Required work
Beginning with the line that contains "曲谱介绍: bD调版鱼干《把爱收好》吉他和弦弹唱谱" and ending with the line that contains "天眼查知识产权信息显示,近日", reproduce the lines of the entries below exactly, omitting pictures.

Saved entries
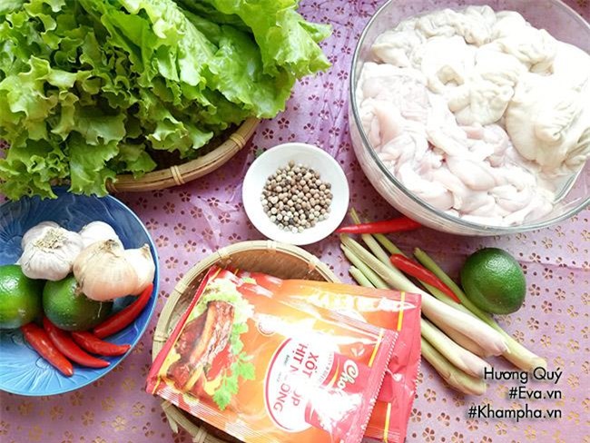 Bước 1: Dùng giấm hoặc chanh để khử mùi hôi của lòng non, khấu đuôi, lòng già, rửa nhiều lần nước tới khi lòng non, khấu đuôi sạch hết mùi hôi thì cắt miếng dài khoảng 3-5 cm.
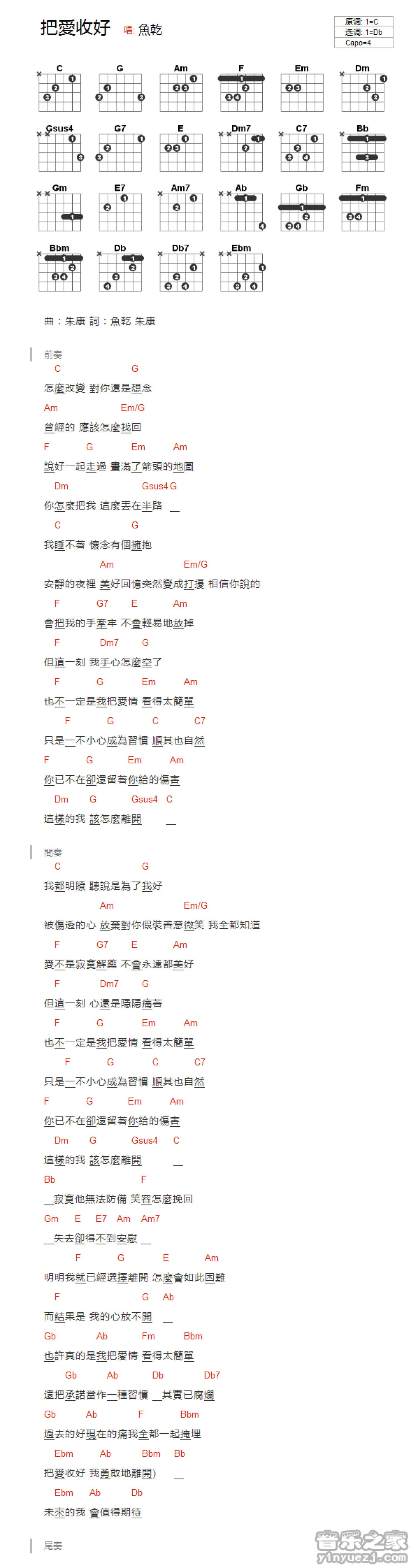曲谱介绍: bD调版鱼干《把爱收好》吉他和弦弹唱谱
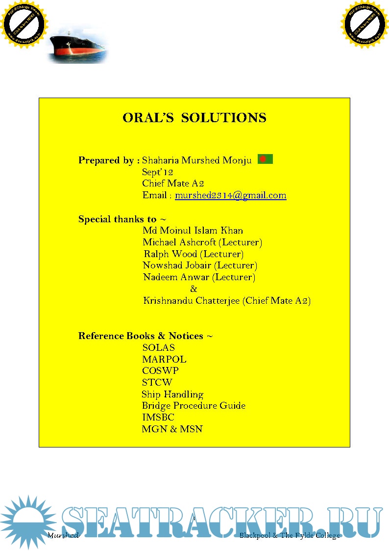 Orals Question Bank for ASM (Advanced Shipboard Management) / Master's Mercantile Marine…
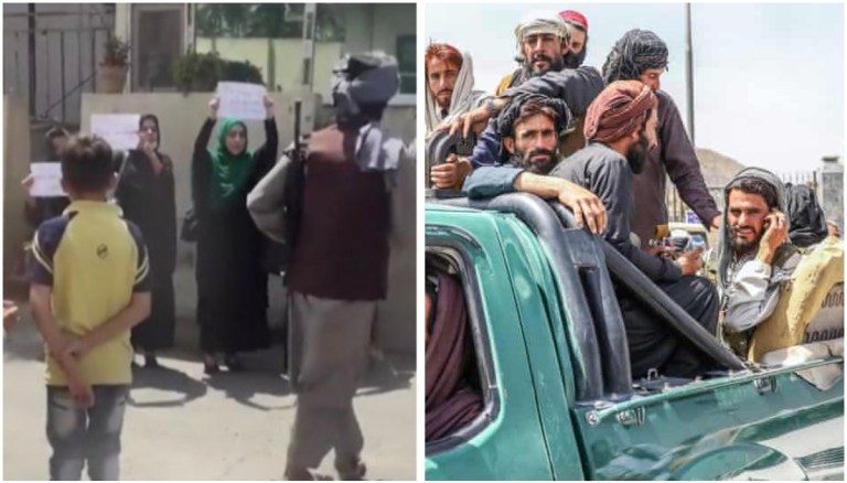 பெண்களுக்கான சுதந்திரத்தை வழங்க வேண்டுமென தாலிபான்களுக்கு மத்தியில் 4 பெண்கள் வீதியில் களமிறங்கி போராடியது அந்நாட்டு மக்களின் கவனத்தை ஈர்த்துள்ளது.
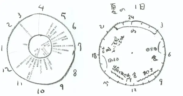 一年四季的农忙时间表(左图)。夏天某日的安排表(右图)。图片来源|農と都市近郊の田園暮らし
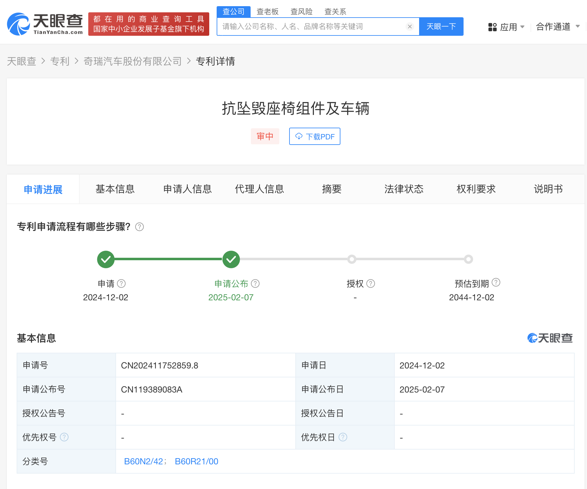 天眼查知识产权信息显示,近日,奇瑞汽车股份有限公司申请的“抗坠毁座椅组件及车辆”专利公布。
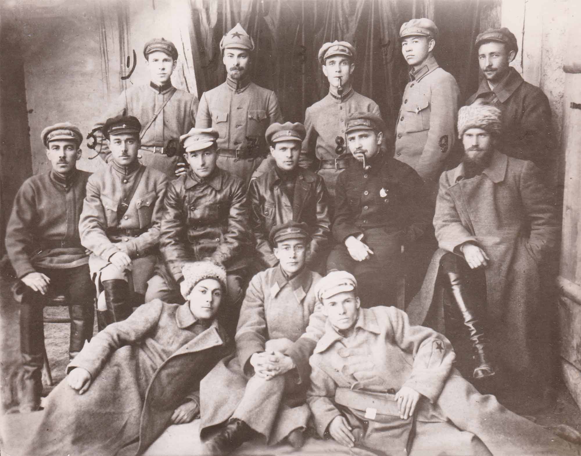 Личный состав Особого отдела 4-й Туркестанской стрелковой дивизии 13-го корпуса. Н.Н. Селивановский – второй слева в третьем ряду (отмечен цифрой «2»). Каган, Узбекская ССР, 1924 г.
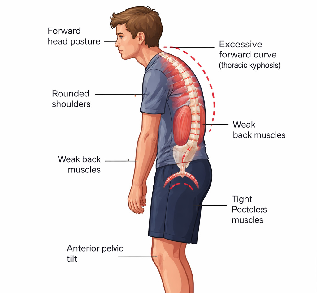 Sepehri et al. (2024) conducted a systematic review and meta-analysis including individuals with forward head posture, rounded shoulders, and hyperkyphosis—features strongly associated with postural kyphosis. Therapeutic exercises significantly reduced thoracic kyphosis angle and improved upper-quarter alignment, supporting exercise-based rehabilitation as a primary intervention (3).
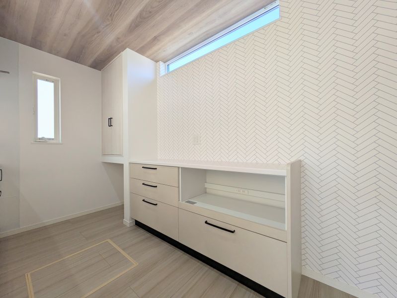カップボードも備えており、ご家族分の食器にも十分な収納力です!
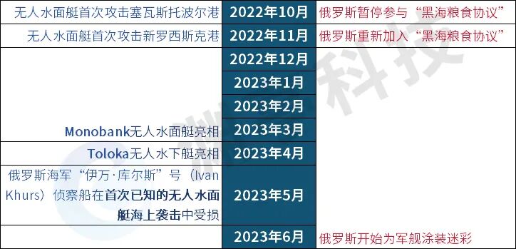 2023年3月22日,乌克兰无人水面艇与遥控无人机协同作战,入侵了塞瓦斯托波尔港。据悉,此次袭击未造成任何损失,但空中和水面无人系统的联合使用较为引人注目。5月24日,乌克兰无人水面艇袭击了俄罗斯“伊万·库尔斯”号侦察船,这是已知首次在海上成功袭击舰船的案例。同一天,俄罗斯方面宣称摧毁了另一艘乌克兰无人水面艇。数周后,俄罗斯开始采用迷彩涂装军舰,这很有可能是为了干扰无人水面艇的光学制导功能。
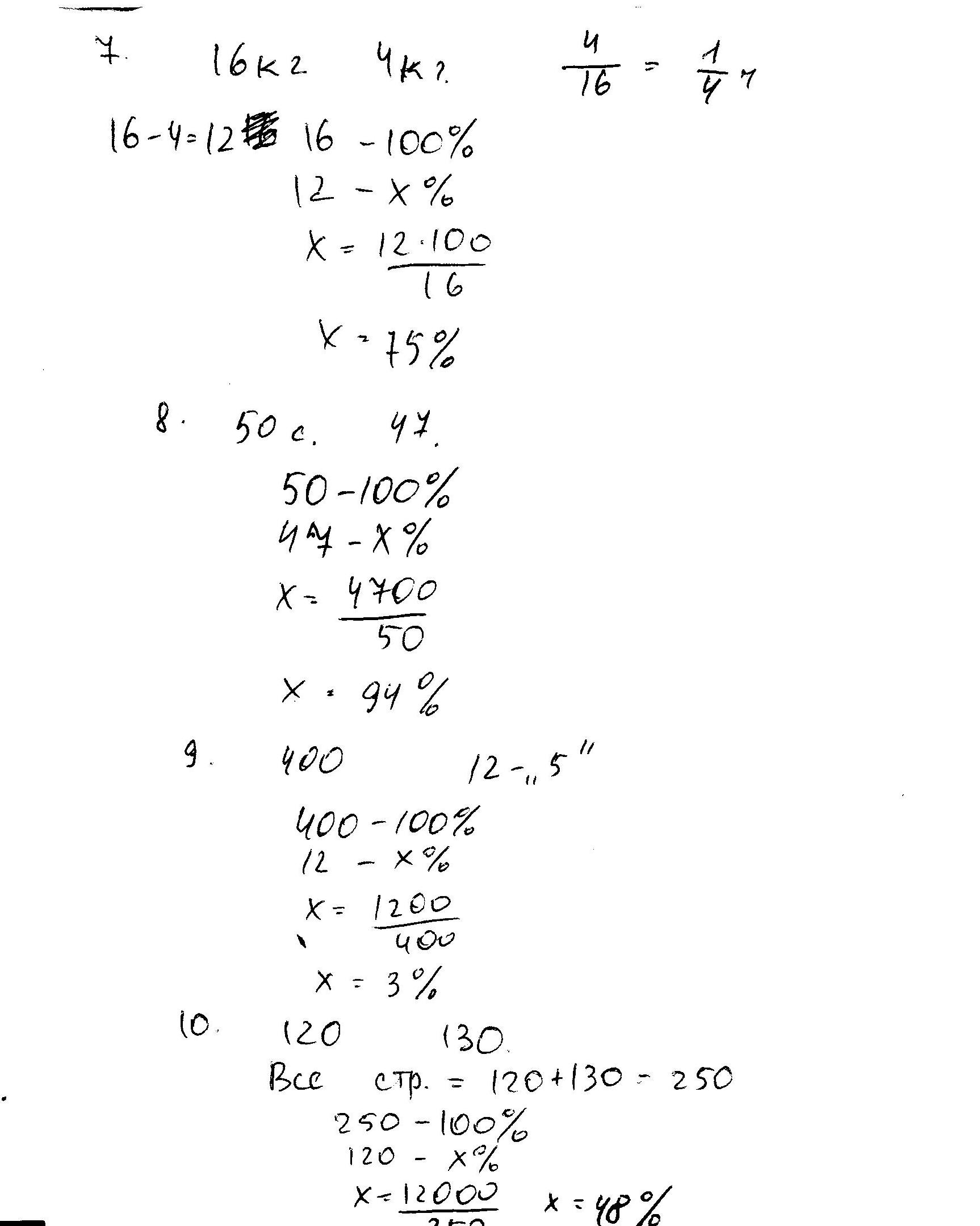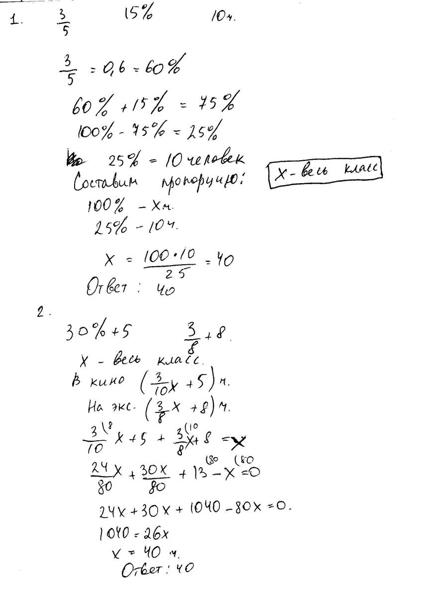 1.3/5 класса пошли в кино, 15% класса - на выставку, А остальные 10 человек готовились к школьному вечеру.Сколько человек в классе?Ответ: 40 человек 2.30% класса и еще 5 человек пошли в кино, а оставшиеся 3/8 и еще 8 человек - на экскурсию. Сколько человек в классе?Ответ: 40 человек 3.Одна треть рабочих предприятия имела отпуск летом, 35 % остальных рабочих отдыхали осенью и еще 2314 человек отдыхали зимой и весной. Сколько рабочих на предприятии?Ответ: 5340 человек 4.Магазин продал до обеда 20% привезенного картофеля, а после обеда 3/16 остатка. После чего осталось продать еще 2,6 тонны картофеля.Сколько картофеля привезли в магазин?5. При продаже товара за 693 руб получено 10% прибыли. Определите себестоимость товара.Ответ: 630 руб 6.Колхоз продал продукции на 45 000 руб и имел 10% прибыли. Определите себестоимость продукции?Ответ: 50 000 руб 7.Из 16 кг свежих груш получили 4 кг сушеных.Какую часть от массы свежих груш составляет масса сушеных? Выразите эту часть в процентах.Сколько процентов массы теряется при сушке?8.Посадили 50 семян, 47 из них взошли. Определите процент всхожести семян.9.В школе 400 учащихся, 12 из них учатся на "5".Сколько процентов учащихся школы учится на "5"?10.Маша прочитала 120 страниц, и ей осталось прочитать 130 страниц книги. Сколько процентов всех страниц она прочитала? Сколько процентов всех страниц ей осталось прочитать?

Written solution
曲谱介绍: bD调版鱼干《把爱收好》吉他和弦弹唱谱
 Orals Question Bank for ASM (Advanced Shipboard Management) / Master's Mercantile Marine…
 பெண்களுக்கான சுதந்திரத்தை வழங்க வேண்டுமென தாலிபான்களுக்கு மத்தியில் 4 பெண்கள் வீதியில் களமிறங்கி போராடியது அந்நாட்டு மக்களின் கவனத்தை ஈர்த்துள்ளது.
 一年四季的农忙时间表(左图)。夏天某日的安排表(右图)。图片来源|農と都市近郊の田園暮らし
 天眼查知识产权信息显示,近日,奇瑞汽车股份有限公司申请的“抗坠毁座椅组件及车辆”专利公布。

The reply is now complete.